[Data entries]

·····

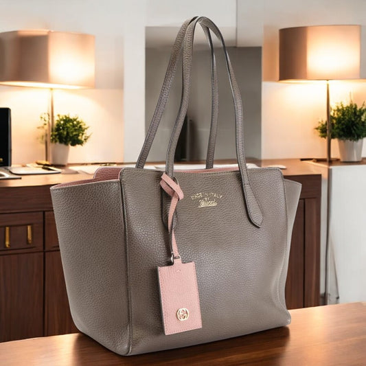 Gucci Swing Tote Bag Shoulder Leather Charcoal Brown Pink
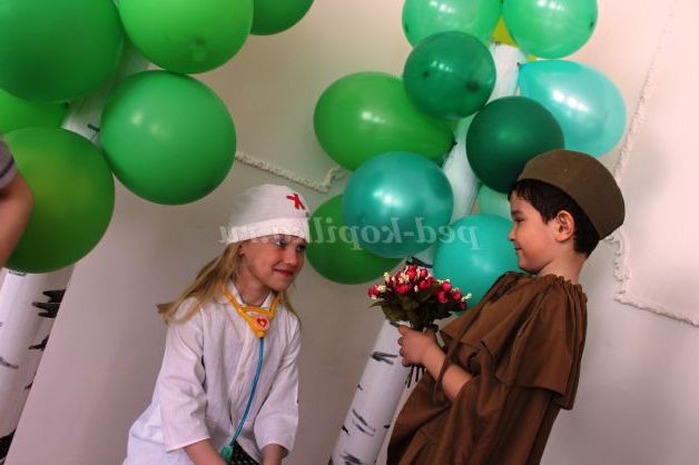 1-ша ведуча: Сьогодні ми зібралися, щоб відзначити 9 Травня - світле і радісне свято. Багато років тому в цей день закінчилась війна. Ми з вдячністю згадуємо наших воїнів, захисників, які відстояли мир в жорстокій битві. Всім солдатам, ветеранам, кого з нами немає, ми зобов'язані тим, що живемо сьогодні під мирним небом. Вічна їм слава!
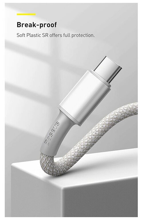 Кабель USB-C BASEUS High Density Braided, Type-C - Type-C, 5A, 1 м, белый
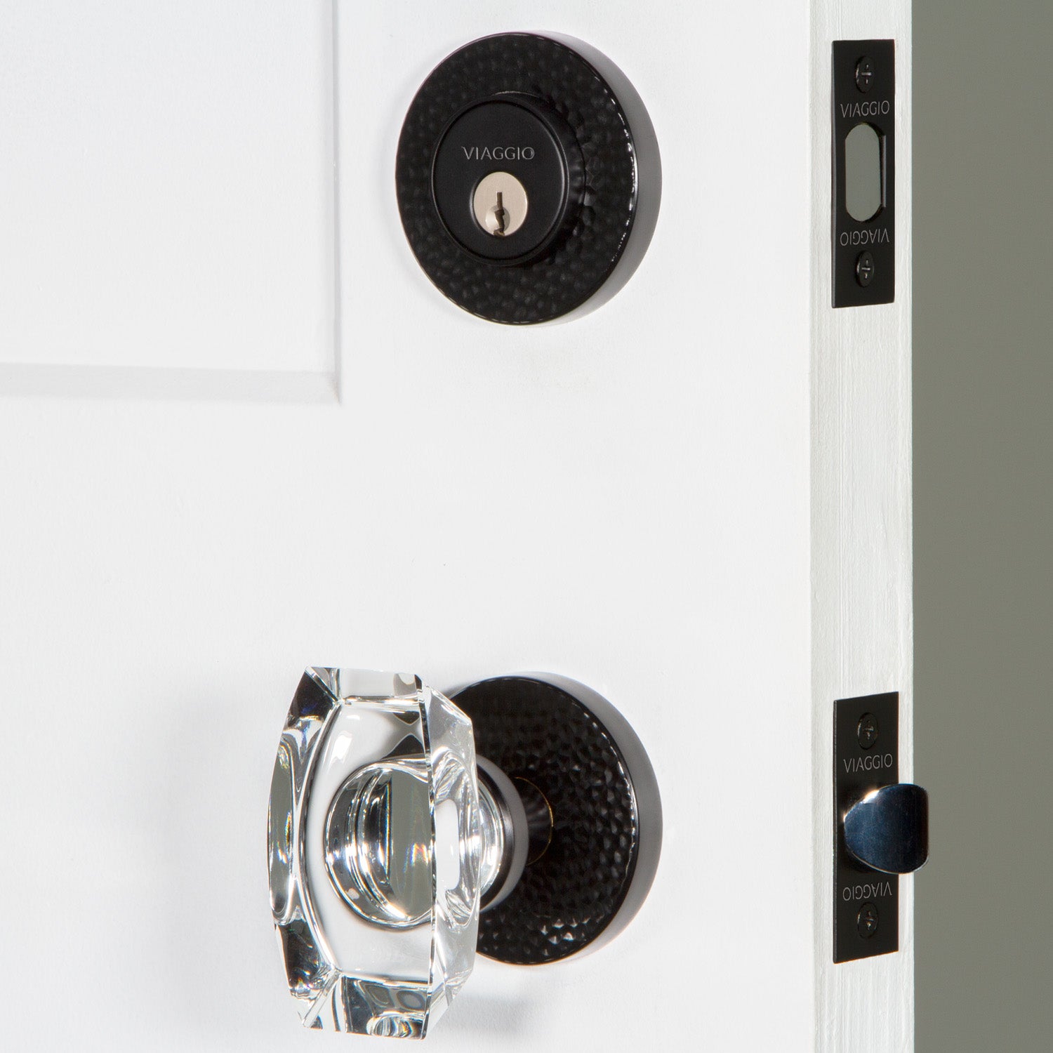 Circolo Hammered Rosette Entry Set with Stella Knob in Satin Black
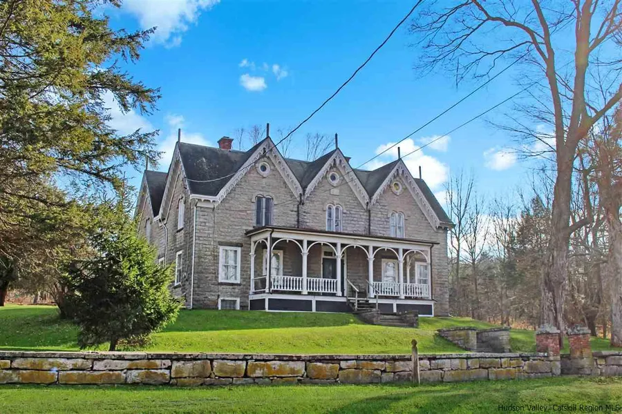 Let's face it. This damn virus has changed everything. While we all search for a new sense of 'normal', many are thinking it's time for the country retreat. A safe place to escape to and recharge. The Stone Ridge area is about as good as it gets. This gorgeous landmark is known as the Oliver House and as the House of Seven Gables by the locals. This one of a kind unique structure, with almost 5,000 square feet, will intrigue you. Available for the first time in 50 years. The original section of the home is thought to date to the late 1600's. The various additions were added in the Gothic Revival era of the early 1800's and a local prominent family known as the Oliver's created the present day masterpiece. The present stone house structure has stood thru it all and if those old walls could talk we'd hear quite a tale. Standing strong and proud and surrounded by the well known Farm Hub. Spend some time and take it all in. Gorgeous stone and wood work thru out. Huge chestnut beams and white oak boards support the structure. The exterior is all local milled limestone and the seven gables are quite pleasing to the eye. Marble fireplaces once provided the heat here. The present day main floor wraps around the original late 1600's section and contains a beautiful kitchen with a full bath off of it. There is also a formal dining room, parlor room, bar room and a half bath. It's best thought of as a center hall Colonial I'd say and a wide stair case takes you to the second floor where you'll find four large bedrooms, a full bath and an area perfect to be an office. Large walk in closets in the bedrooms are unheard of in this vintage as are the high ceilings throughout the home. The attic is massive and offers a way out to the widows walk. One oil fired furnace provides forced hot air heat for the main floor and a second in the attic fueled by propane provides forced hot air and a/c for the second floor.
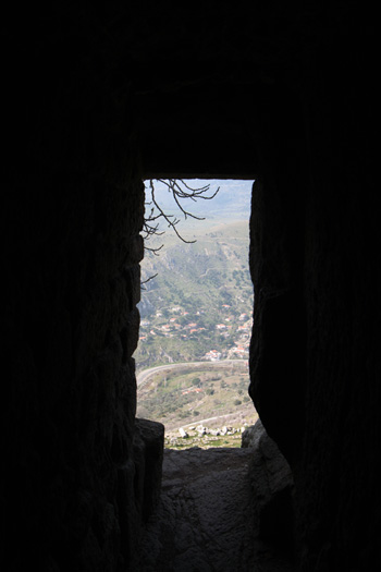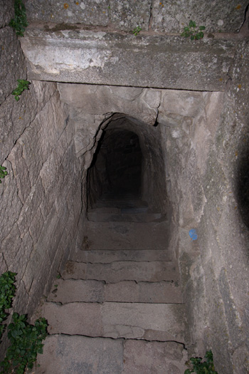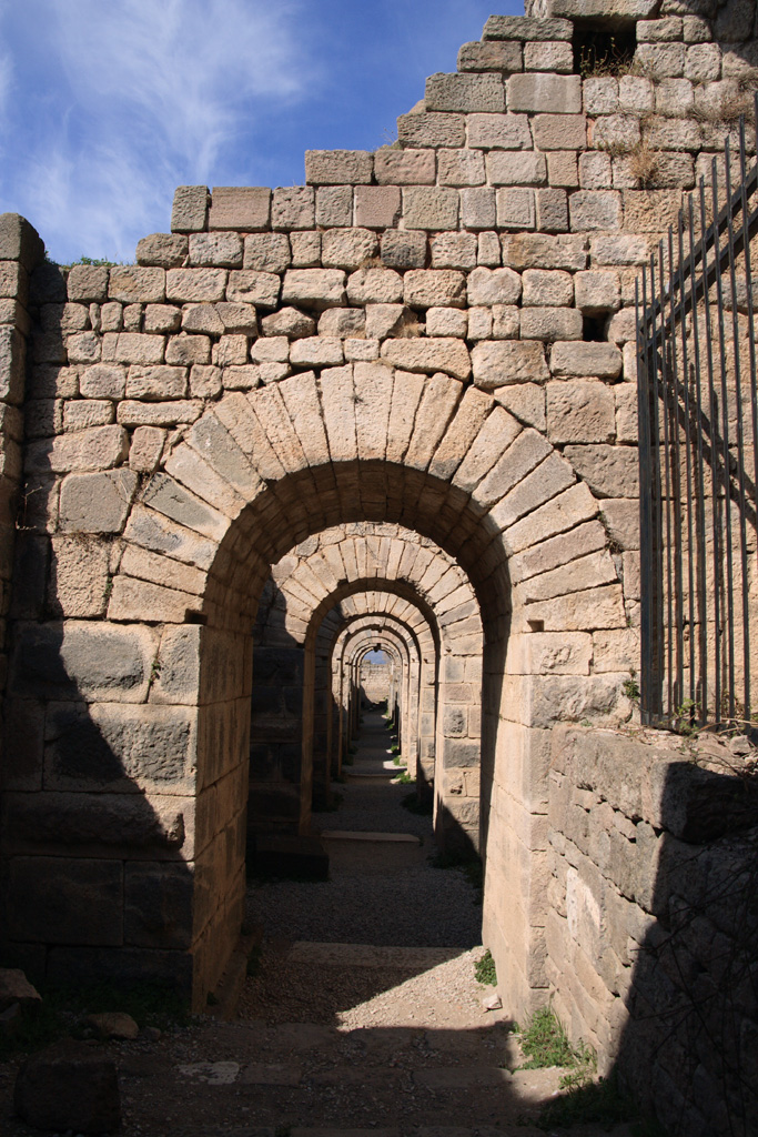 最後に大劇場を降りて行きます。この大劇場は、丘の南西斜面に造られ、斜度は数ある古代遺跡の劇場の中でも1番急な劇場です。この劇場から、ベルガマの町を一望する事ができます。まずは、狭い通路の中をくぐって劇場の入り口まで行きます(左写真)。右写真では、そのまま崖下にまっさかさまに落ちてしまいそうな出口が見えています。ドキドキ…。

·····

Omit every picture, and please return the entries exactly from the first line through the line with "Circolo Hammered Rosette", both included.

 Gucci Swing Tote Bag Shoulder Leather Charcoal Brown Pink
 1-ша ведуча: Сьогодні ми зібралися, щоб відзначити 9 Травня - світле і радісне свято. Багато років тому в цей день закінчилась війна. Ми з вдячністю згадуємо наших воїнів, захисників, які відстояли мир в жорстокій битві. Всім солдатам, ветеранам, кого з нами немає, ми зобов'язані тим, що живемо сьогодні під мирним небом. Вічна їм слава!
 Кабель USB-C BASEUS High Density Braided, Type-C - Type-C, 5A, 1 м, белый
 Circolo Hammered Rosette Entry Set with Stella Knob in Satin Black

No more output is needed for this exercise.